This handles Phases 3-5 automatically:

Schedules workers based on dependencies
Monitors progress and handles failures
Runs verification commands
Marks features complete
Commits progress at checkpoints

Scheduling Strategies

| Strategy | Behavior | |----------|----------| | breadth-first | Maximize parallel execution of independent features | | depth-first | Focus on unblocking dependent feature chains | | adaptive | System decides based on dependency graph (default) |

When to Use

Auto-orchestration: Large feature sets, hands-off execution
Manual orchestration: Fine-grained control, complex dependencies, debugging

Post-Completion Reviews

Automated code and architecture reviews run after all workers complete:

1. All features complete -> session status changes to "reviewing"
2. Code review worker analyzes: bugs, security, style, test coverage
3. Architecture review worker analyzes: coupling, patterns, scalability
4. Findings aggregated into progress log
5. Session completes with review summary

Review workers output structured JSON findings:

.claude/orchestrator/workers/code-review.findings.json
.claude/orchestrator/workers/architecture-review.findings.json

Severity levels: clean, minor, moderate, major, critical

Acting on Review Findings

Convert review findings into actionable features:

# View available issues from reviews
implement_review_suggestions(projectDir)

# Create features from specific issues
implement_review_suggestions(projectDir, issueIndices: [0, 2, 5])

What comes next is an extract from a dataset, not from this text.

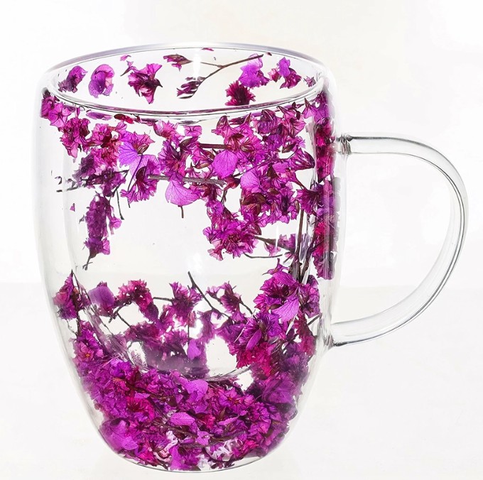 Cana din sticla borosilicata pereti dubli 350ml flori uscate mov- INV02

# Auto-select warnings and errors
implement_review_suggestions(projectDir, autoSelect: true, minSeverity: "warning")

Configure or trigger manually:

configure_reviews(enabled: true, skipOnFailure: false)
run_review(reviewTypes: ["code", "architecture"])
get_review_results(format: "detailed")

Repository Setup

Automatically configure repositories with development best practices:

# Analyze repository freshness and missing configs
setup_analyze(projectDir)

# Initialize setup with parallel workers
setup_init(projectDir)

# Check setup progress
setup_status(projectDir)

Configuration Types

| Type | Description | Files Created | |------|-------------|---------------| | CLAUDE.md | Project guidance for Claude Code | CLAUDE.md | | GitHub CI | Build, test, lint workflows | .github/workflows/ci.yml | | Dependabot | Automated dependency updates | .github/dependabot.yml | | Release Please | Automated version bumps and changelogs | .github/workflows/release-please.yml | | Issue Templates | Structured bug/feature reporting | .github/ISSUE_TEMPLATE/*.yml | | PR Template | Consistent pull request descriptions | .github/PULL_REQUEST_TEMPLATE.md | | CONTRIBUTING.md | Contribution guidelines | CONTRIBUTING.md | | SECURITY.md | Security policy and vulnerability reporting | SECURITY.md |

Customization

# Skip specific config types
setup_init(projectDir, skipConfigs: ["dependabot", "release-please"])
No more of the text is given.